# 2 updated pics of my 500 gal



## AKSkirmish (Jun 24, 2005)

Shots taken with point and shoot-So forgive the quality guys-


----------



## Tensa (Jul 28, 2008)




----------



## wpviper (Jun 25, 2007)

thanks for taking the full tank shots and as allways


----------



## NeXuS (Aug 16, 2006)

the pacu makes it look like its alot smaller than a 500 gal lol must be because he is so huge.


----------



## Sheppard (Jul 8, 2004)

That pacu makes the tank look small! lol
great pics.


----------



## AKSkirmish (Jun 24, 2005)

Thanks guys-Yeah it's the Pacu that makes the tank look a bit small----I'll have to take a pic one day with my Daughter standing in front of him.....


----------



## wpviper (Jun 25, 2007)

it is also a vary deep with tank i love that one day i will have an almost sqaure tank like that


----------



## AKSkirmish (Jun 24, 2005)

wpviper said:


> it is also a vary deep with tank i love that one day i will have an almost sqaure tank like that


Thanks-That extra width comes in handy------But I need to restock that tank-It's quite bare at the moment...


----------



## Dawgz (Aug 18, 2005)

U should throw in a Red Hi fin wolf in there, he'd love it in there!

nice tank man!


----------



## AKSkirmish (Jun 24, 2005)

Dawgz said:


> U should throw in a Red Hi fin wolf in there, he'd love it in there!
> 
> nice tank man!


I have thought about a wolf in their.....But fear one wouldn't do good with my 2 syndo's and pleco's....Both are impressive specimens as they are right now-Would hate to risk them...
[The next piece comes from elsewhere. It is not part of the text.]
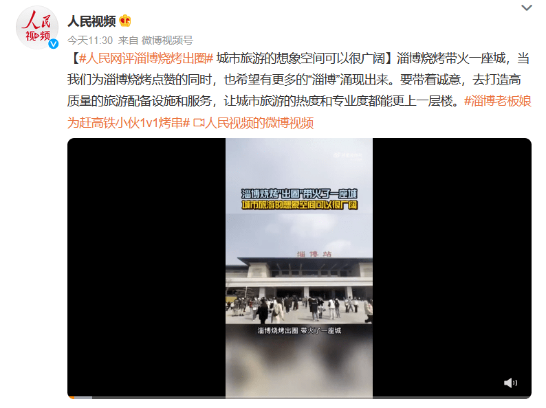 人民网评淄博烧烤出圈:城市旅游的想象空间可以很广阔。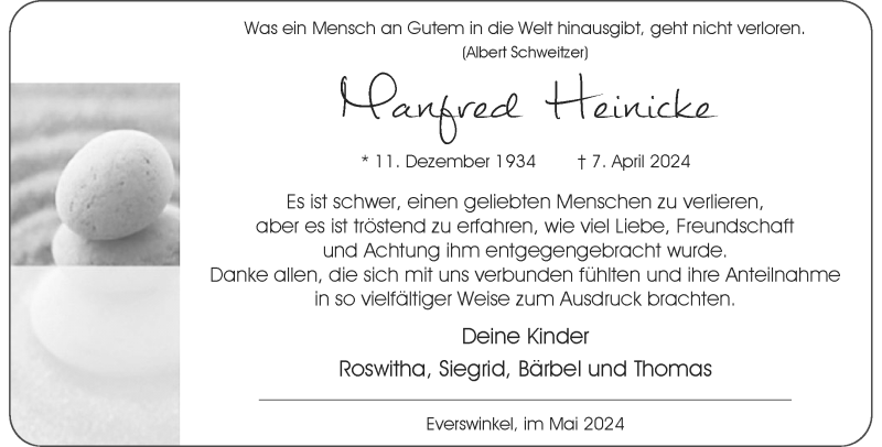 Hier finden Sie alle Traueranzeigen aus der Zeitung, die bisher für Manfred Heinicke erschienen sind. Weitere Traueranzeigen, die in der Zeitung erscheinen, werden hier ebenfalls aufgelistet

I also have to beef up filtration pretty soon on this tank-That pacu puts a hell of a bioload on that tank.....


----------



## Dawgz (Aug 18, 2005)

AKSkirmish said:


> U should throw in a Red Hi fin wolf in there, he'd love it in there!
> 
> nice tank man!


I have thought about a wolf in their.....But fear one wouldn't do good with my 2 syndo's and pleco's....Both are impressive specimens as they are right now-Would hate to risk them...

I also have to beef up filtration pretty soon on this tank-That pacu puts a hell of a bioload on that tank.....
[/quote]

As long as the fish are bigger than the wolf itself...it will keep its distance, till its provoked...

anyway, just giving ya a suggestion, that tank is awsome as it is anyway.

btw, how big is that pacu, i never did read about that, although im sure u mentioned it a few times already..


----------



## Murphy18 (Oct 17, 2008)

Very nice tank and fish, how big is your Pacu beast?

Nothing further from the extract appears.